Critica della competizione

Ci hanno spiegato, soprattutto negli ultimi anni, che la competizione è tutto. Ce lo spiegano in economia ma, ciò che è peggio, si vorrebbe trasferire tale convinzione sulla e nella globalità della convivenza umana.  Quando tutto diventa competitivo, il nostro atteggiamento mentale cambia radicalmente; infatti, percepiamo l’altro come un diverso e le sue tradizioni e le sue abitudini come un qualcosa che non ci appartiene (il che in parte è vero, provenendo ciascuno da una storia propria).

Se guardiamo al mondo di oggi con realistica onestà intellettuale possiamo notare che la competizione, ispirata ed esaltata dagli intellettuali e dalle élite, oggi sembra essere l’unica soluzione possibile alle nostre difficoltà. C’è un però; se crescono le disuguaglianze e la ricchezza è sempre più nelle mani di pochi, a quale competizione ci stiamo riferendo? Va da sé che quest’ultima si trasforma in una massacrante guerra fra poveri , mentre le élite fanno finta di competere per arricchirsi reciprocamente.

Se vogliamo fare chiarezza, infatti, dobbiamo sgombrare il campo sia dalla possibilità di un mondo a-competitivo (irreale) che dalla sostenibilità di un mondo (e di una globalizzazione) solo competitivo.
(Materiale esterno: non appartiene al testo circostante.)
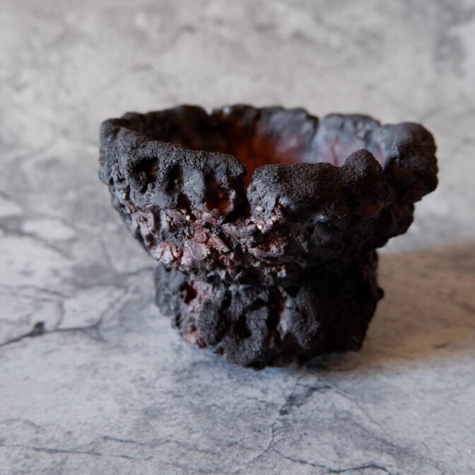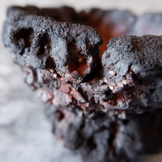 - 木のような炭のようなゴツゴツとした模様が力強く、色も素敵でした。 適度に厚みがあるのと、底穴がいくつか空いていて水捌けが良さそうなところが◎です。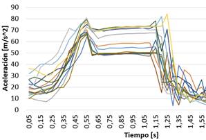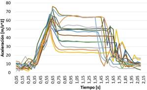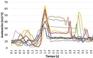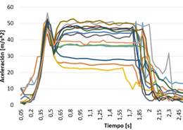 En el lanzamiento elevator pass realizado por un jugador no entrenado (ver Fig.11), tiene diferencias apreciables en los diferentes intervalos de tiempo y aceleración expuestos en la tabla 4.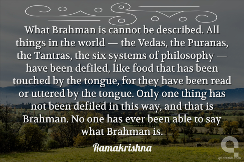 What Brahman is cannot be described. All things in the world — the Vedas, the Puranas, the Tantras, the six systems of philosophy — have been defiled, like food that has been touched by the tongue, for they have been read or uttered by the tongue. Only one thing has not been defiled in this way, and that is Brahman. No one has ever been able to say what Brahman is.

In questo secondo caso, infatti, vincono sempre i soliti (scambiandosi di volta in volta il podio) e perdono sempre i soliti; il problema è che quelli che perdono sono sempre di più (non a caso, oggi, molti movimenti di cittadini, e addirittura alcuni governi, leggono l’”exit” dal globalizzato come una possibile salvezza).

Nel dominio della competizione “ad ogni costo”,  anche la democrazia rischia di diventare un “oggetto del desiderio”.  Siamo arrivati al punto di sostenere, secondo me con una certa dose di “perversione” intellettuale, che, nell’attuale contesto globalizzato, le democrazie devono farsi competitive, ovvero sfidarsi rispetto a obiettivi di breve termine; il tutto, naturalmente, nell’interesse dei popoli (quegli stessi popoli che, a causa delle crescenti diseguaglianze, sono protagonisti di una guerra fra poveri, anch’essa competitiva).
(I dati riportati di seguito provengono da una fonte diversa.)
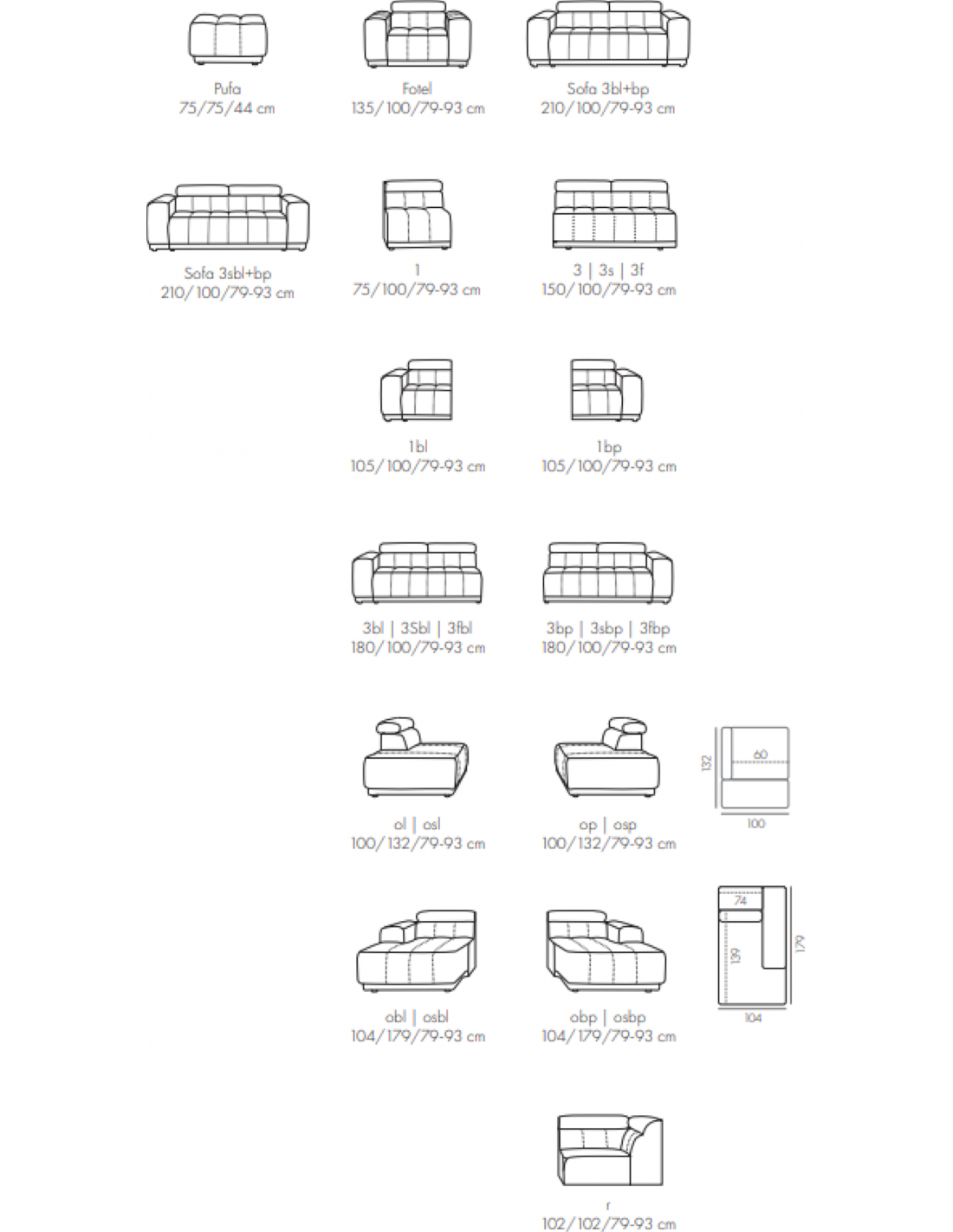 PIEZĪME: mīkstās mēbeles iespējams pasūtīt tikai ACCANTO salonā, kur aplūkojami audumu paraugi.

Come si può pensare che la democrazia intesa come processo possa funzionare come strumento di organizzazione della convivenza se viene “sacrificata” sull’altare di una competizione “dogmatizzata” nel contesto di una globalizzazione senza regole? È per questo, infatti, che la nostra “ragione razionalizzante” insiste sulla democrazia-modello, utilizzabile a piacimento come “scatola competitiva” nel breve o brevissimo termine dominante.  Risulta anche evidente come tale strategia sia diventata il “ritornello” di coloro che si dicono progressisti; vale la pena, mi chiedo, “svuotare” l’esperienza in nome di un “non progetto”?

Nego, naturalmente, che avere un’idea critica della competizione “assolutizzata e dogmatizzata” significhi essere contro il futuro o, peggio ancora, paurosi del futuro e rassegnati. Piuttosto, è proprio questo modello del “tutto e subito” competitivo a esacerbare conflitti sociali, a cancellare relazioni, a farci de-generare.
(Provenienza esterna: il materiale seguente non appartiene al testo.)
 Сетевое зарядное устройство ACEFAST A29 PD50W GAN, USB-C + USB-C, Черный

La democrazia-modello è lo strumento per fare della democrazia uno “strumento competitivo”, quasi divinizzandola agli occhi dei sudditi-cittadini sia come un “fine” sia come l’unica “democrazia possibile” nella nostra storia; in tal modo, naturalmente, si sostiene implicitamente che questa competizione sia inevitabile, quasi un frutto soprannaturale che sfugge alla nostra responsabilità storica.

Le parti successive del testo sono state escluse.